Isi prasasti sebagian besar mengagungkan keperkasaan raja.
3. Arca
Arca atau
patung biasanya terdapat dalam sebuah candi. Arca menjadi simbol telah
bersatunya raja dengan dewa penitisnya. Patung dewa-dewa agama Hindu di
antaranya Dewa Siwa, Dewa Wisnu, dan Dewa Brahma. Ketiga dewa tersebut biasanya
disebut Trimurti. Di dalam agama Budha dikenal adanya Arca Buddha. Arca Buddha
biasanya sangat sederhana, tanpa hiasan, hanya memakai jubah.
4. Karya Sastra
Peninggalan
bersejarah yang lain adalah karya sastra. Keberadaan Kerajaan Kediri diketahui
dari hasil karya berupa kitab sastra. Hasil karya sastra tersebut adalah Kitab
Kakawin Bharatayudha yang ditulis Mpu Sedah dan Mpu Panuluh yang menceritakan
tentang kemenangan Kediri/Panjalu atas Jenggala.
Keberadaan
Kerajaan Singasari dibuktikan melalui kitab sastra peninggalan zaman Majapahit
yang berjudul Negarakertagama karangan Mpu Prapanca.

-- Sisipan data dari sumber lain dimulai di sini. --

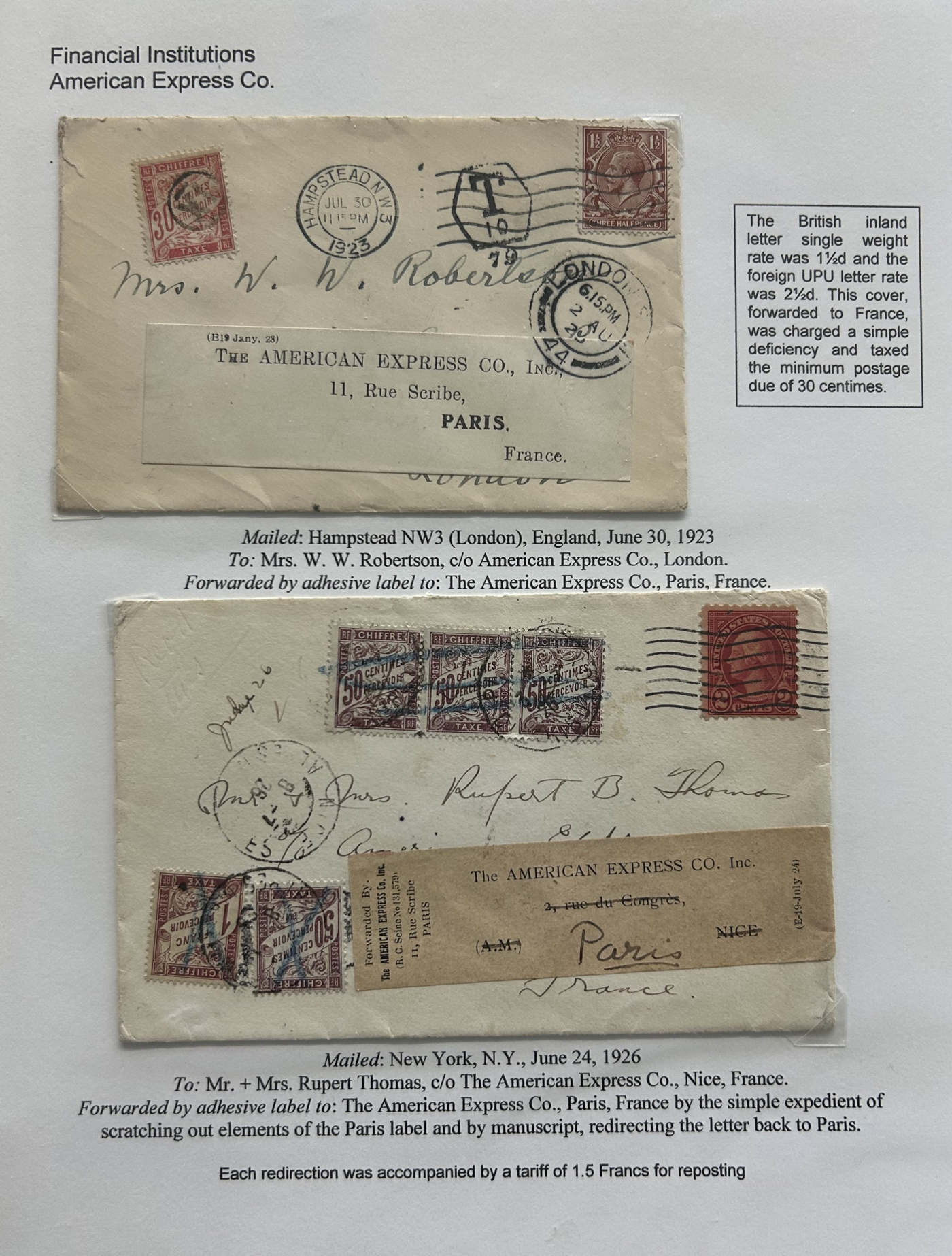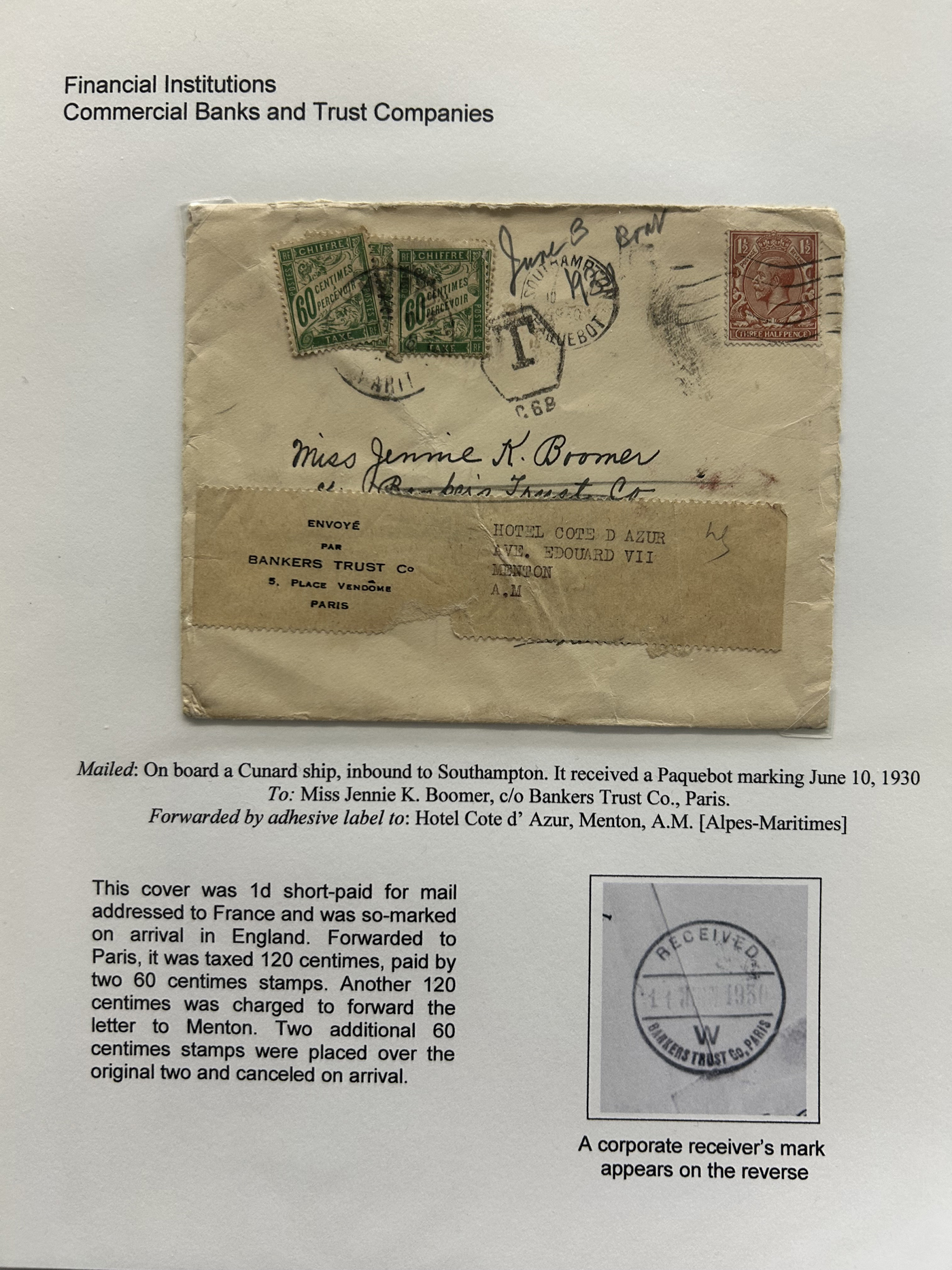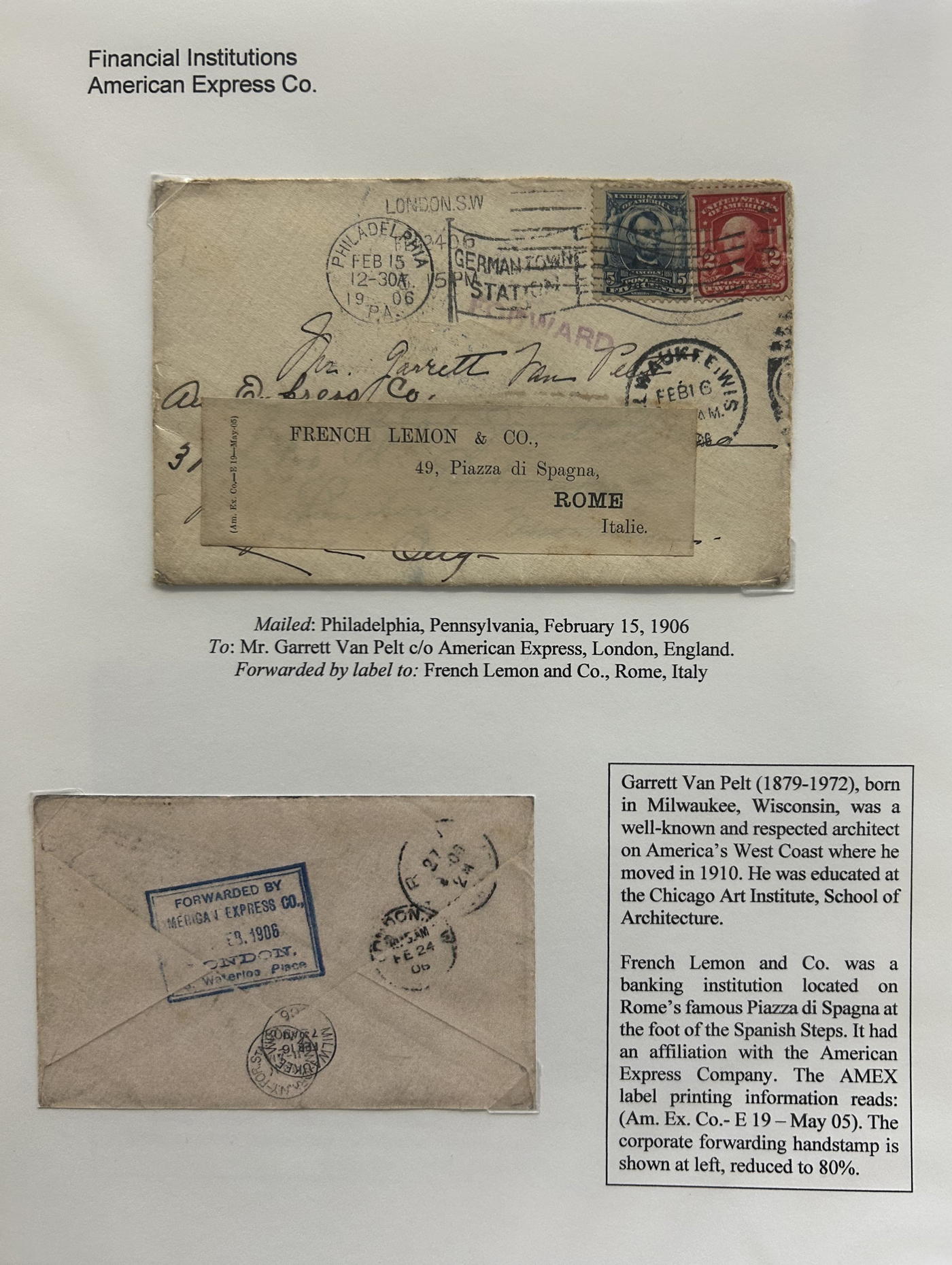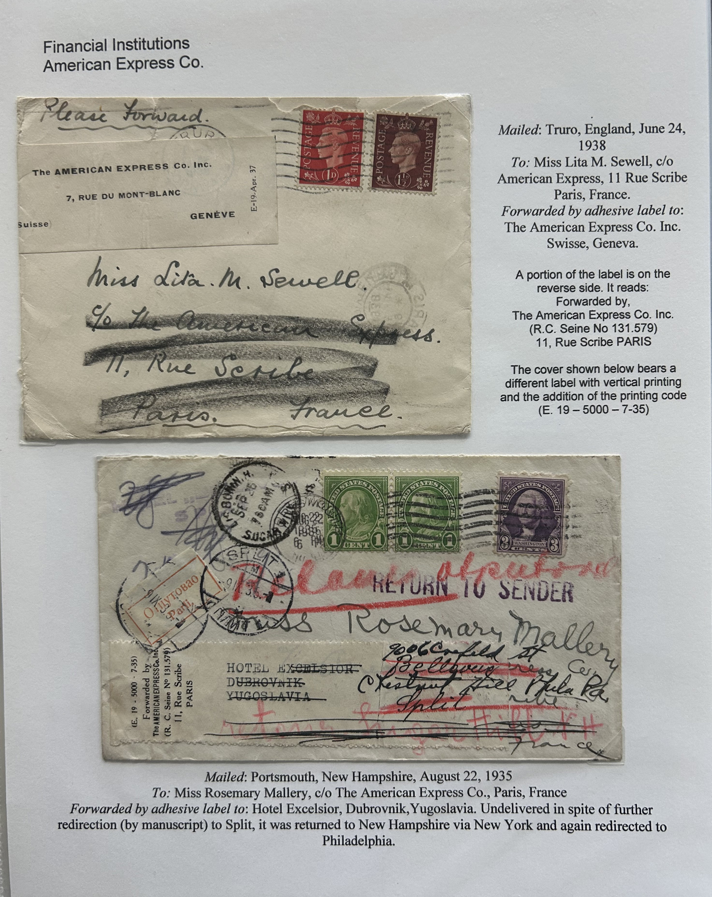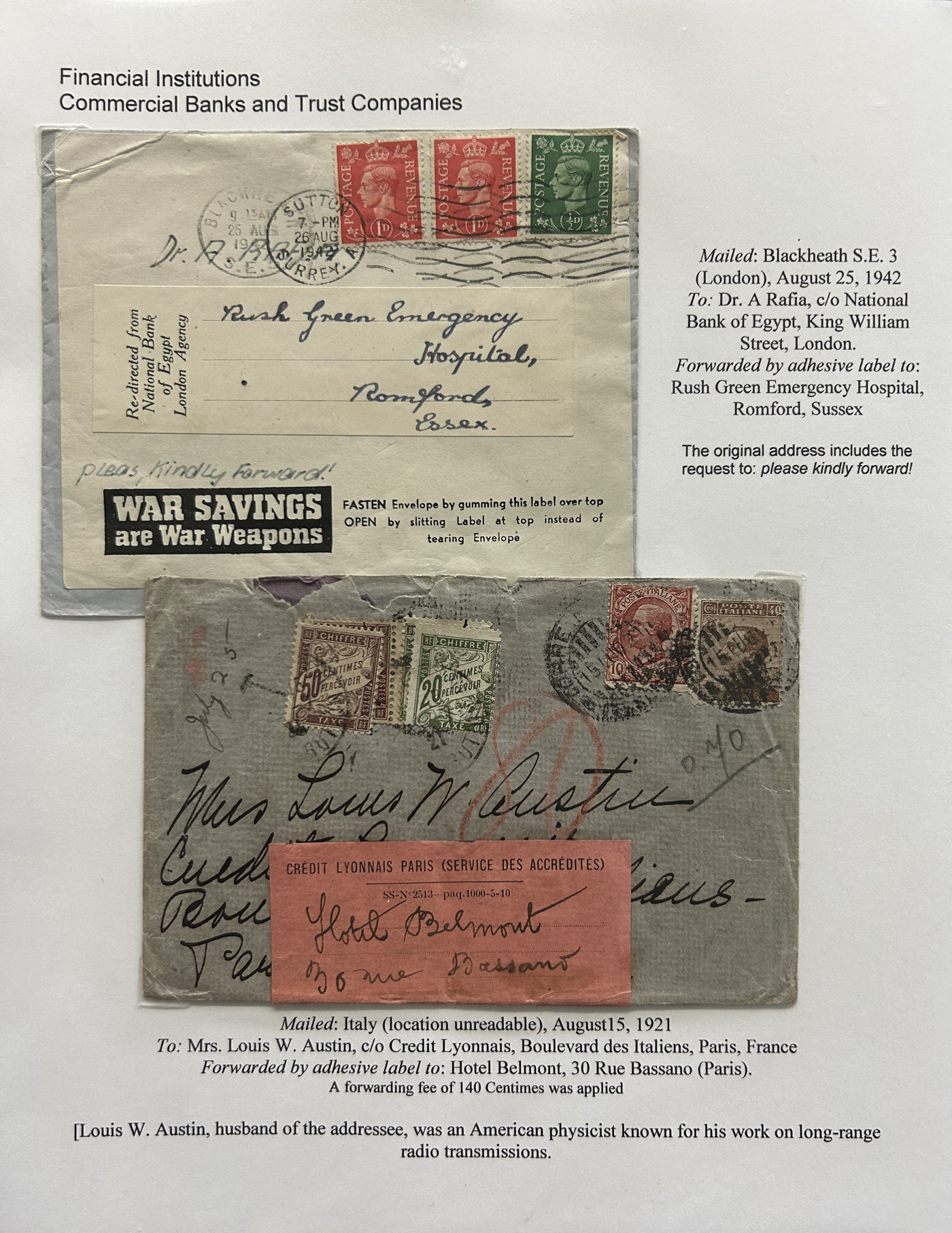 1354 CVR   imageSpecialized Collection / Exhibit of 70 Different Worldwide Financial Institution Forwarding Address Labels on Cover, 1880s to 1970s, majority are well written-up on pages, sorted alphabetically by name of the financial institution. Includes a good variety of countries (many were mailed from the US), with good frankings, postmarks, routings, some have forwarding country postage due stamps, etc. A fascinating collection of these scarcer labels, which mostly all have the financial institution name printed, with a forwarding address. Very fine, see our online pictures for a sampling. A great opportunity to start a new collection, or to add to an existing one. (Scan 1) (Scan 2) (Scan 3) (Scan 4) (Scan 5) (Scan 6) (Scan 7) (Scan 8) (Scan 9) (Scan 10) (Scan 11) (Scan 12) (Scan 13) (Scan 14) (Scan 15) (Scan 16) (All Scans)

Karya sastra tersebut
menjelaskan tentang raja-raja yang memerintah di Singasari. Selain itu, ada
Kitab Pararaton yang menceritakan riwayat Ken Arok yang penuh keajaiban. Kitab
Pararaton isinya sebagian besaradalah mitos atau dongeng, tetapi dari Kitab
Pararatonlah asal usul Ken Arok menjadi raja dapat diketahui.